A study conducted at the University of Carabobo in Venezuela by the students of Bioanalysis Martínez R. and Nieves A. has had special interest in the medical and scientific world due to the relevance of its results. I would like to show you a summary of their research

“INCIDENCE OF FUNGI ON BEAN GRAINS (Vigna unguiculata [L] Walp) MARKETED IN MARACAY STATE ARAGUA, VENEZUELA ”

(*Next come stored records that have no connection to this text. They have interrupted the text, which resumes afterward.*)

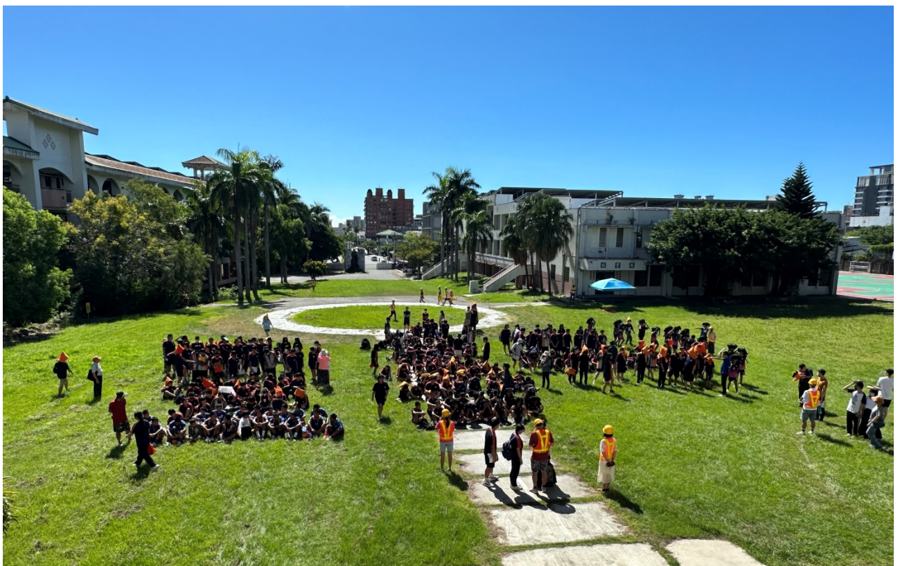
圖片 4 說明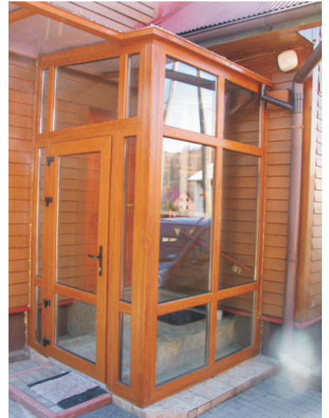
Zabudowa PVC z drzwiami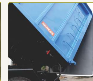
Cửa sau thùng chứa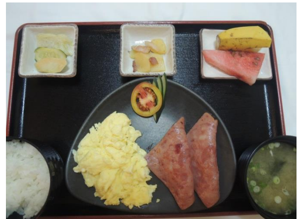
写真はハムとスクランブルエッグの例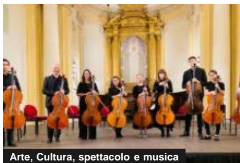
Arte, Cultura, spettacolo e musica

E' passata per Carpi e Fossoli la pedalata Fiab della Resistenza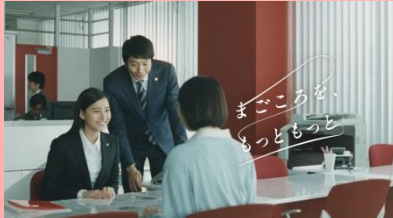
NA 「まごころを、 もっともっと」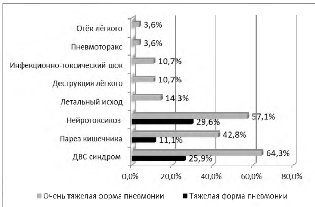
Рисунок 3.3. - Осложнения пневмонии у детей первого года жизни с тяжёлой и очень тяжёлой пневмонией

отмечался в 4 (14,3%). Данные осложнения пневмонии отражены на рисунке 3.3.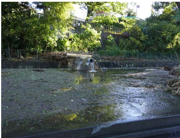
熊川分水からの配管が壊れ、水が垂れ流し

Bean grains are one of the most widely consumed legumes worldwide, and they are exposed to several factors that induce fungal colonization, especially of mycotoxin-producing species; which cause serious damage to health. In order to evaluate the incidence of toxigenic fungi associated to bean bean samples (vigna unguiculata [L.] walp), distributed in bulk and commercial brand, direct sowing of one hundred undamaged whole grains was performed, disinfected with hypochlorite from sodium at 1.5% and seeded on the agar culture malt culture medium. The fungal species isolated in the samples with low incidence were Aspergillus flavus, Aspergillus niger, Aspergillus ochraceus, Aspergillus terreus, Penicillium citrinum and Fusarium Verticillioides while Eurotium amstelodami had a high incidence in the trademark sample. The study is of vital importance due to the presence of toxigenic molds in the grains evaluated, indicating that there is a potential risk of contamination with mycotoxins and represents a risk to health, since these grains form the diet of Venezuelans.

Bean

The bean (Vigna unguiculata [L.] Walp) belongs to the Fabaceae family and is made up of 700 genera and 38 species, it is one of the grain legumes included in the diet of the Venezuelan, especially by the peasant population, occupying the

second place after the caraota (Phaseolus vulgaris L.), as far as its preference. Its nutritional importance lies in its content of protein (23%), carbohydrates (56%), fat, fiber, minerals and vitamins (Escalona, ​​2015; León and Cols., 2013).
The consumption of fabaceae grains such as beans is an important alternative as a source of protein for both vitamins (thiamine, niacin) and minerals (Fe, K, P, Ca) and dietary fibers, and is also related to the decrease in the levels of cholesterol, anemia, blood sugar levels especially in diabetic patients (WHO, 2014).

Fungi and Mycotoxins

Fungi are eukaryotic, unicellular or filamentous organisms and their reproduction is by spores. The cell walls of most fungi contain in their composition chitin and glucans and reproduce sexually and asexually, except for a group of fungi (imperfect) are Deuteromycetes that only reproduce asexually. Fungi can be classified as obligate parasites (biotrophs) and not obligate (necrotrophs and hemibiotrophs) or they can be facultative saprophytes or parasites. There are more than 100,000 species of fungi that are saprophytes but only 10,000 of them are known to cause diseases in plants (INTA, 2013).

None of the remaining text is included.